The Minnesota Twins, on the other hand were the ‘shoestring’ operation of the League:

And that’s just the payroll, which is, admittedly, the largest part of the expenses for a MLB team. Even if you increase the amount the most successful teams spend by 50%, you only barely equal what the cheapest team in the league pays for payroll.

  1. That $50k I mentioned earlier? That buys the car, sans tranny and engine. The only reason Dave Marcis can operate on that is because he has volunteer crew, his own garage (literally, GARAGE), and engines from Dale Earnhardt Inc. Any team that actually intends to finish well will have three or four cars (some have, like, ten), engines for all of them and possibly backups, a real shop, crew for the shop, a transporter (that alone can cost better than $200,000), specially-trained pit crew for the track, the tires, the various parts, and a teammate (so multiply the whole thing by 2).

  2. How do baseball teams make money? Ticket sales. Because they OWN the stadium. How do NASCAR teams make money? Finishing. Depending on the race and the finish, they might not even get their entry fee back. It’s a lot easier to make the money to pay for shit back in baseball than it is in racing. It helps – a LOT – to have the sponsors.
    Ok, folks, I have YET to see any legitimate reason NASCAR should be banned or otherwise moved. Plenty of reasons not to like NASCAR, but again I say, if you don’t like it, you don’t have to watch it. Nobody’s duct-taping you to a chair with your eyes glued open and forcing you to watch the Dura-Lube 500 or anything like that. I personally hate basketball. I’m not saying it should be moved to Guatemala or even Chile.

In a land where synchronized swimming and water polo thrives, I too can see no reason for NASCAR to be banned. However, as long as I own a TV it shall be ignored.
I like football, and I freely admit it’s mostly because I buy the hype they force down my throat on a weekly basis. I can stand baseball, but I don’t follow it religiously. I fall asleep everytime I try to watch a game. I like hockey, but the coverage isn’t too extensive without cable TV. I cannot live without soccer, playing it or watching it. Just so you know, when I am king, soccer will be the national/mandatory sport.

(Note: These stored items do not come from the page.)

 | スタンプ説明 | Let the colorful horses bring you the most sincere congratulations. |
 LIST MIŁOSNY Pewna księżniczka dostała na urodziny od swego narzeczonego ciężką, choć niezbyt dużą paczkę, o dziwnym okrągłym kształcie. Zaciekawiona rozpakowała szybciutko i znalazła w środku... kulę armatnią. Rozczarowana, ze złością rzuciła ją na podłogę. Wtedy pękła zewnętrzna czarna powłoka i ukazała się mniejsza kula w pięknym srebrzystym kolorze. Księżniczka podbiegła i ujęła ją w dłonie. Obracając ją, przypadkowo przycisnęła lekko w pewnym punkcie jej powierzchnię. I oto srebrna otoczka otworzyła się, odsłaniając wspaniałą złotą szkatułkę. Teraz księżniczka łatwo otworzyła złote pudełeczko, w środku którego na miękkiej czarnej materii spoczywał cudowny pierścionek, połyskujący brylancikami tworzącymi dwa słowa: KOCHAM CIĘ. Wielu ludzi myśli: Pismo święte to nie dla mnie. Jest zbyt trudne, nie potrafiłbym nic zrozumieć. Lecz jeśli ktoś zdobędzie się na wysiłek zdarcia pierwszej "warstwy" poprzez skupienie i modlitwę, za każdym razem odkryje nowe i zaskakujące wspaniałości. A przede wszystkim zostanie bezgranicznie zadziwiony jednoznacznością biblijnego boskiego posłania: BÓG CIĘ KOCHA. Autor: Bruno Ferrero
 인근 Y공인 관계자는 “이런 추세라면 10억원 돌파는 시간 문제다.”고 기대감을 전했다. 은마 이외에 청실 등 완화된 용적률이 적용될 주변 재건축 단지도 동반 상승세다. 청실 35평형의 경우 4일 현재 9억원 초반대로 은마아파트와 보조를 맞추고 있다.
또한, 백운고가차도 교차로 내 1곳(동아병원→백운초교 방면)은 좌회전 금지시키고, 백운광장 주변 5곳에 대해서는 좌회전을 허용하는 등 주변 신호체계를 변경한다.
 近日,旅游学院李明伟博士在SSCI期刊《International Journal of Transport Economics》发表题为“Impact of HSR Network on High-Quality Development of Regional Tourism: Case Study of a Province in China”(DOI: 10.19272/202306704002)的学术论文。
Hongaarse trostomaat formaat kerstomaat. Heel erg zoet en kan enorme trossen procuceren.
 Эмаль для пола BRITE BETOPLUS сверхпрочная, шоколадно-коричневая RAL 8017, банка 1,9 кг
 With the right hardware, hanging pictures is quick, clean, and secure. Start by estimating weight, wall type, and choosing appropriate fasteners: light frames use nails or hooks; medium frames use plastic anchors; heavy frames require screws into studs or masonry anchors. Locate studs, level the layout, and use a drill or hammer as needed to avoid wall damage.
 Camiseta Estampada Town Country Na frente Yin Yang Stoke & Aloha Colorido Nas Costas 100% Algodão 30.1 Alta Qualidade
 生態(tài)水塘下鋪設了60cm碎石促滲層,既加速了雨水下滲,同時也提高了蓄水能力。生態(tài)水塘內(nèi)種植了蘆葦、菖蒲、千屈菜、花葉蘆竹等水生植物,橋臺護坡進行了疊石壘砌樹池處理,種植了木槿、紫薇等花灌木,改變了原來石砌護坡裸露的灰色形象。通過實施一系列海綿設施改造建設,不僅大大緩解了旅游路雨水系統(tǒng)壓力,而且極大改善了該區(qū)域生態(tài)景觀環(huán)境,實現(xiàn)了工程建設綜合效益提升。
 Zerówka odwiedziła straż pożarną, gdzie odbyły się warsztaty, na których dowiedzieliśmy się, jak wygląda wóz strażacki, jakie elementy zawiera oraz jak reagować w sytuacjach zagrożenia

All those sports rely on a fair amount of flowing testosterone. But at least it’s evident. Big sweating, burly, athletic guys and/or gals displaying their talents. The only thing that comes to mind when I think of NASCAR is Skeeter and Goober sitting around in their greasy coveralls, swilling Billy Beer, talking about their guns, their “trannies” (which by the way has a completely different meaning out here in SF) and which super models they’d like to plook, as if they’d ever have the chance.

It’s all in the perception.

Hmmmph. Read yourself. If I though you were a northerner, I would have added parenthetically “(and most other northerners)”. I was drawing a distinction.

My point in quoting the survey is that is the kind of information that sponsors/advertisers rely upon before making their promotion decisions. The sponsor base has grown rapidly over the past several years (it used to be almost all auto/alcohol/tobacco) precisely because sponsors are becoming increasingly convinced that it is not a redneck sport. Even if many people “play redneck for the day” when they go out to the track, a phenonemon I freely admit occurs.

I guess I’m just saying that your view of the sport is five years old.